# Dwarf crays or shrimp?



## FistSlaminElite (Sep 2, 2015)

I really want some dwarf shrimp but I heard there's a chance my platys will shred them...not a fun prospect, especially if I order $60 shrimp all together, even buying a small herd at lfs is pricy, well then there's dwarf crays who are supposedly very peaceful and wont demolish my plants. The only problem is that wont the dwarf crays eat my BN pleco eggs? Or will the dad be even able to keep these small armored invaders away?


----------



## Arthur7 (Feb 22, 2013)

This are nice guys. On 05/11. I've done in 15 G. they do not have anything done evil. Food Tubifex.


----------



## Summer (Oct 3, 2011)

cute little things!


----------



## henningc (Apr 17, 2013)

That is a CPO and supposedly they don't harm plants. I'm a big crayfish advocate, but some of the dwarfs have personality issues and do mess with plants. My suggestion is check them out in a small planted tank. My experience with most, except a few with personality issues, is that they don't hurt plants if well fed. I use blanched green peas cut in half every other day and a shrimp pellet 1-2 x weekly.

If your Pleco defends the nest like most you likely will not lose many batches of eggs. Could happen, but if the crayfish are fed they will ignore or leave once threatened. 

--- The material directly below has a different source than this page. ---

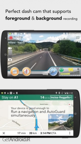 موبایل هوشمند تان با برنامه AutoGuard Dash Cam - Blackbox 6.4.4059 [Pro] مثل خودتان هوشمندانه کار خواهد کرد. بهترین اپ Blackbox که تجارب خارق العاده ای را برایتان ارائه خواهد داد. این اپ فاکتور های مختلفی از ویدئو، شتاب، طول و عرض و سرعت را ضبط می کند. ویدئوهای ضبط شده را می توان محدود کرد تا فضای بیشتری در موبایل تان ذخیره شود. زمانیکه موبایل تان پر شد، بطور خودکار فایل های قدیمی ویدئوها را حذف می کند. همچنین می توانید این اپ را طوری تنظیم کنید که بطور خودکار زمانیکه بر روی دستگاه نصب کن خودرو قرار گرفت شروع بکار کند و در بگراند اجرا شود. می توانید رزلوشن تصویری، نرخ بیت، حساسیت شتاب، و زمان بروز رسانی GPS را تنظیم کنید. لازم به ذکر است که این برنامه از زبانهای انگلیسی، آلمانی، فرانسه، چینی، ژاپنی، کره ای، پرتقالی، روسی، هلندی، تایوانی، لیتوانیایی، لهستانی، رومانیایی، بلغاری، و چک اسلواکی پشتیبانی میکند.
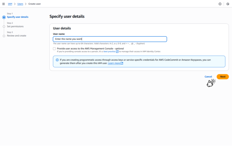 • Đặt tên cho người dùng (ví dụ: n8n-ec2-controller) và nhấn Next.

RCS and other dwarf shrimp will not hurt plants at all. Can't vouch for ghost shrimp and they are nasty anyway. Mine actually keep the algae and biofilm down to a min.


----------



## FistSlaminElite (Sep 2, 2015)

I've decided dwarf shrimp in my main tank and I'm liking the sound of a coo joining my betta in his 5g hex


----------



## FistSlaminElite (Sep 2, 2015)

Cpo*


----------



## Chillwill007 (Aug 20, 2010)

Sorry new to cray fish but what's cpo stand for? Won't they crawl out the tank? My wife's friend catches one and gave it to me but it crawled out the tank from the heater cord and got lost in my son's play room. Needless to say we found him weeks late died and dried up in some toys.


----------